- I’d invite 20 of my in-laws over
- I’d clean for days like it was my job
- I’d cook a huge ass turkey and everything that goes with it
- I’d cook 6 pies mostly from scratch
- I would end up a crazy bitch and my family would hide under their beds until the company arrived and I put my game face on.
Life is a lot different now. My own children are “company” now because they don’t live with me. I’m extremely grateful that they are here with me on this holiday because their presence is no longer guaranteed. They are nearly 24 and 21, not children at all. They are at that odd place where home isn’t really “home” anymore. They have been away at college, and I’m married now to someone who isn’t their father, and even though it’s still the same house and I’m still their mother, “home” is nothing like it used to be. I’m not like I used to be.
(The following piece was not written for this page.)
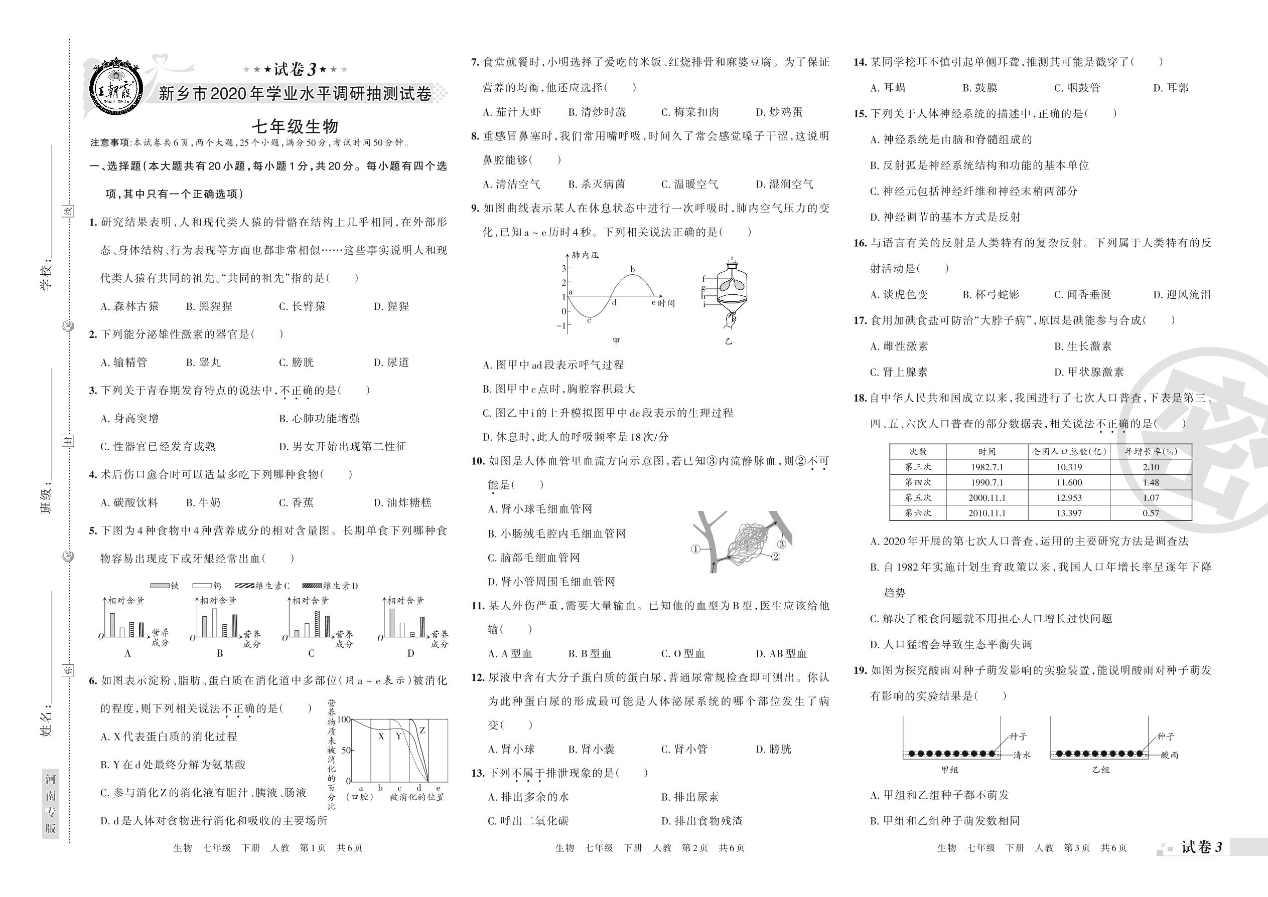 2019-2020学年第二学期新乡市七年级生物试卷(人教版)【3】

Here’s how I’m different this Thanksgiving:
- I don’t care if they leave their crap everywhere and make the freshly mopped floor dirty
- I’m only making our favorite dishes for dinner and none of the shit that no one will eat
- I’m only making one kind of pie – chocolate – because that’s what everyone likes
- I’m making Stove Top stuffing instead of stuffing from scratch, and I’m not cramming it up the turkey’s ass because nobody likes ass stuffing except me
- I’m using jar gravy instead of making it from scratch
- I spent more on booze than I did on Thanksgiving dinner
- I may or may not be drunk before the bird is done cooking
I want peace. I want easy. I want no drama. Is it because I’ve learned to relax? Or is it because I just don’t give a shit anymore? It doesn’t matter. For better or worse, this is the me I’ve become for this year. Next year may be different.